Комментарий рабби Нисима (רן), цель которого — извлечь законодательную норму для применения ее при решении практических вопросов, также не стал таковым в полном смысле слова, ибо занимается не столько разъяснением труда Α., сколько рассуждениями по поводу работ его предшественников. Из всех комментариев своему назначению соответствует один только комментарий р. Ионатана к трактату עדובין. Он действительно поясняет Α., останавливаясь на его выражениях, толкуя смысл его текста, а в некоторых местах и дополняя его. Наилучшим из комментаторов А. надо признать самого серьезного его критика בעל המאודּ דזה, который, впрочем, подвергает труд А. беспощадной критике. На эту характерную черту критики דזה указывает и оппонент его — Нахманид, который написал «Sepher ha-Sacut» (в тр. «Schiba Enajim», Ливорно, 1745, и в венском издании А. под заглавием «Machase u-Magen») в защиту A. Общее число комментариев А. достигает в последнем виленском издании 1880 г. — 28.
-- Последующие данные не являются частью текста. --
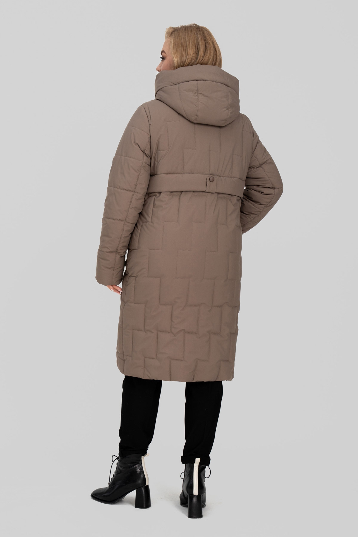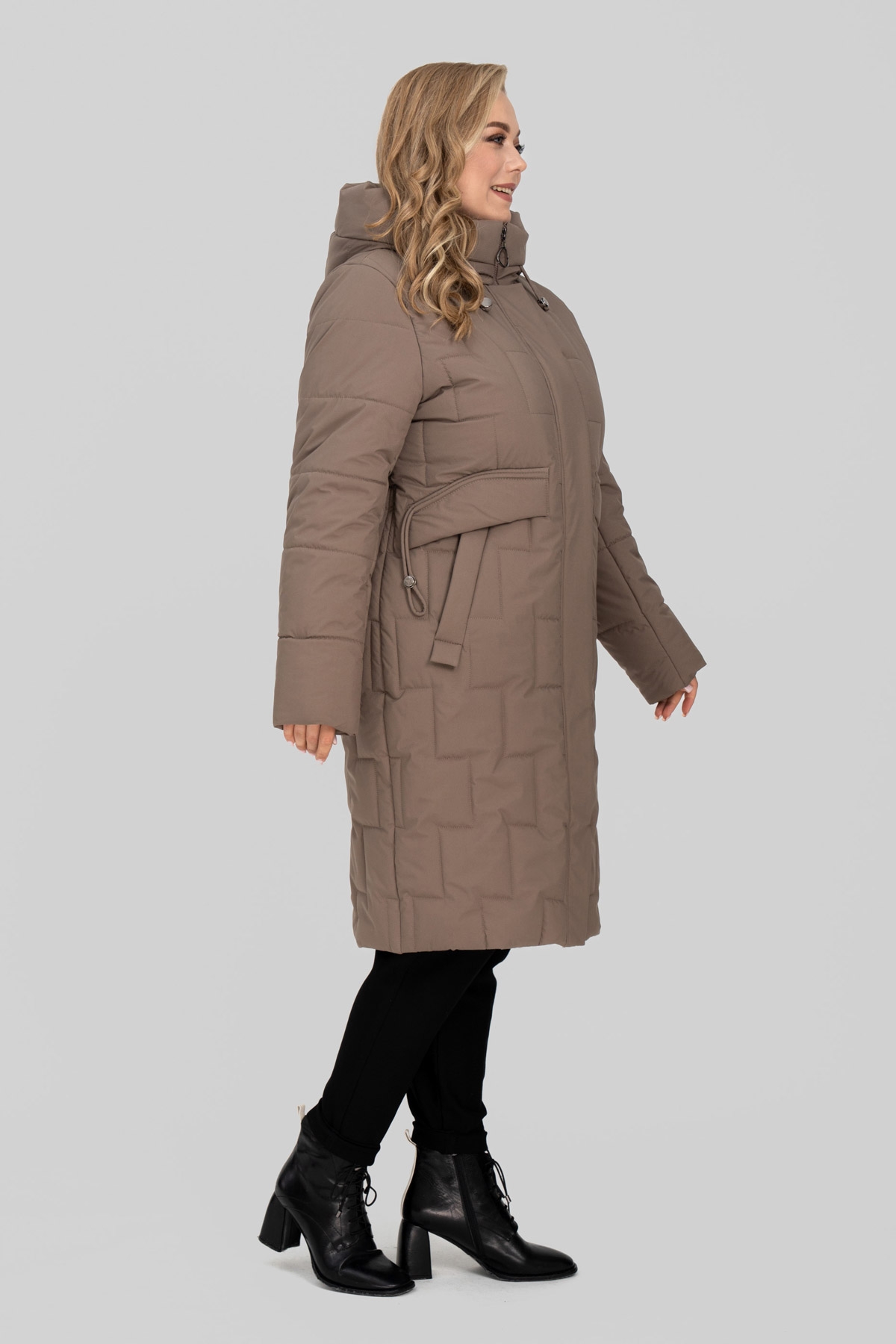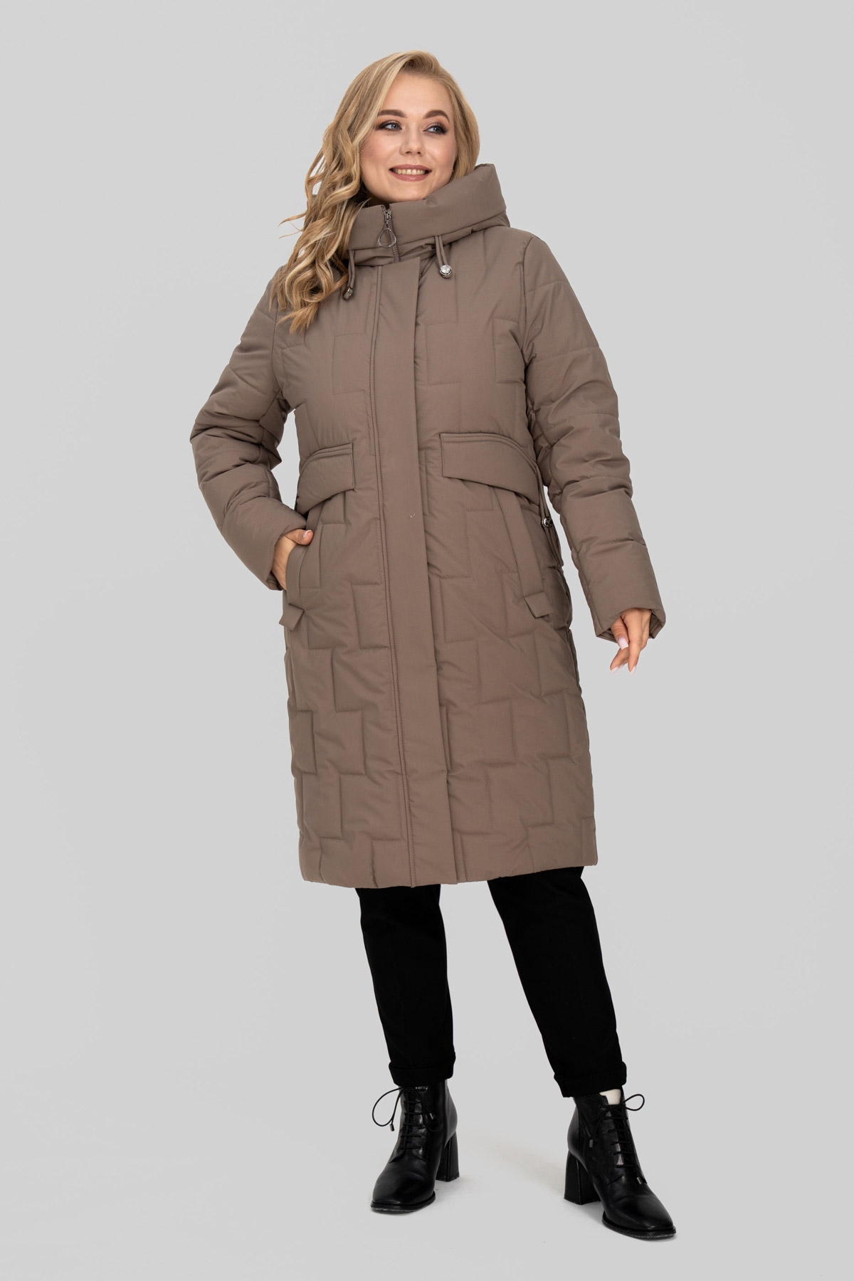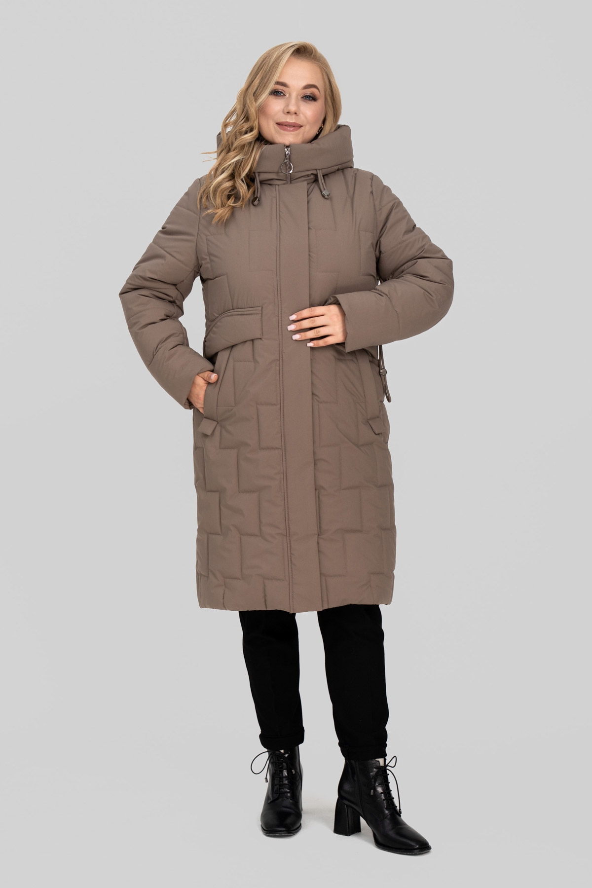 Зимове пальто прямого силуету, виконане з матової плащової тканини на мембранній основі з додатковим вологовідштовхувальним просоченням. Наповнювач: тінсулейт 150 + 80 г/м² (до -19 °C). Рукав втачний, двошовний, всередині трикотажні манжети. Кишеня з листочкою і застібкою на потайну кнопку. Капюшон втачний, висота регулюється за допомогою шнура з фіксаторами. Застібка на блискавку і планку на кнопках, що додатково захистить від вітру. Над кишенями виконані фігурні клапани, декоровані шнуром з фіксатором. Підкладка: нейлон.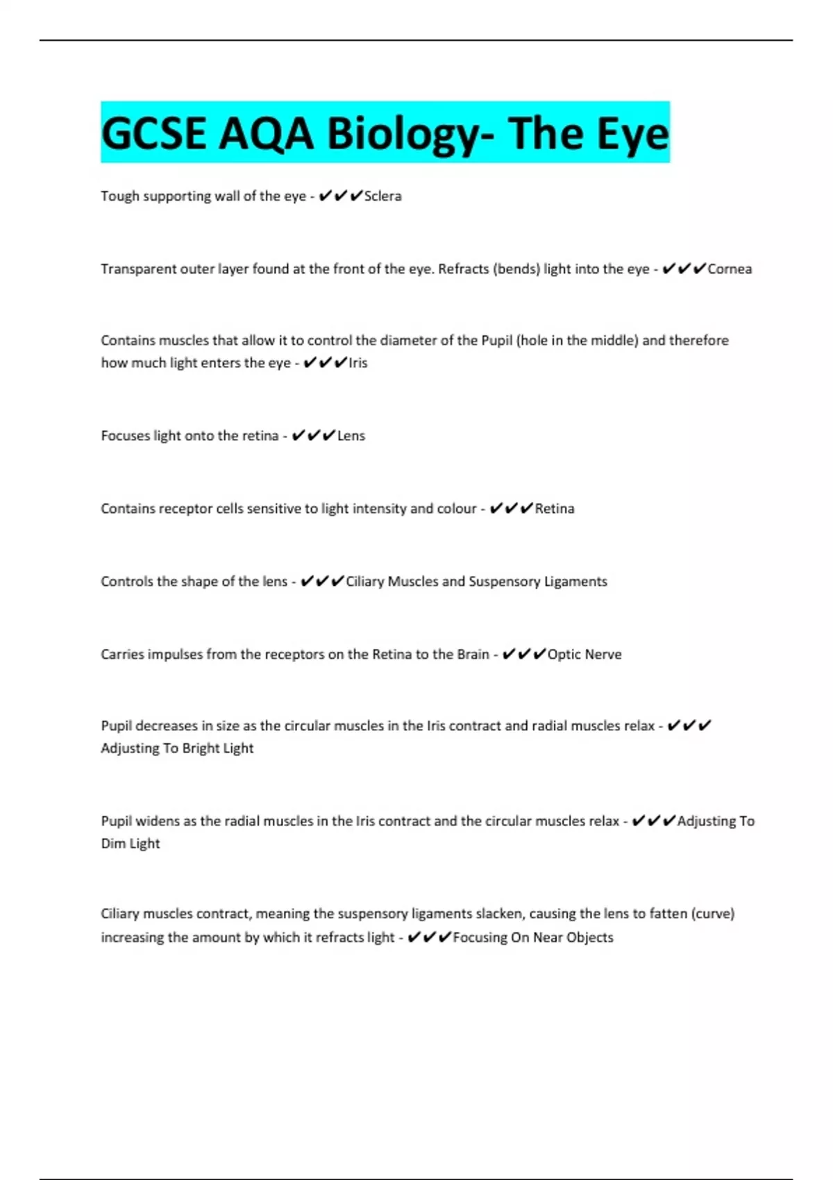 Focuses light onto the retina - ✔✔✔Lens

Кроме кодекса, А. оставил много респонсов. Хотя они не отличаются оригинальностью и очень напоминают респонсы гаонов, но и в них везде сказывается глубокое понимание Талмуда. Попутно А. резко критикует гаонов: «не следует, — говорит он в одном месте, — обращать на них внимания, ибо все их доводы ничтожны». Правду и правильное толкование А. ценит больше всего на свете и, уличив самого себя в ошибке, не стесняется громогласно заявлять об этом и просит своих учеников исправить ее (השוכוה הנאונים). Главные черты респонсов А. — краткость, ясность и множество ссылок на кодекс. — Ср.: Halpern, Seder ha-dorot, изд. Маскилейсона, I, 193. — Grätz, Geschichte der Juden, VI, pp. 62–64; C. M. Дубнов, Всеобщая история евреев, II, 278—79; Abraham ibn Daud, Sefer ha-Kabbalah; Azulai, Schem ha-Gedolim, s. v.; Steinschneider, Cat. Bodl., col. 1087; Weiss, Dor, IV, 281 sqq.; Cazès, Notes bibliographiques sur la littérature juive tunisienne, Tunis, 1893; J. E., I, 375—377.
R. Z.3.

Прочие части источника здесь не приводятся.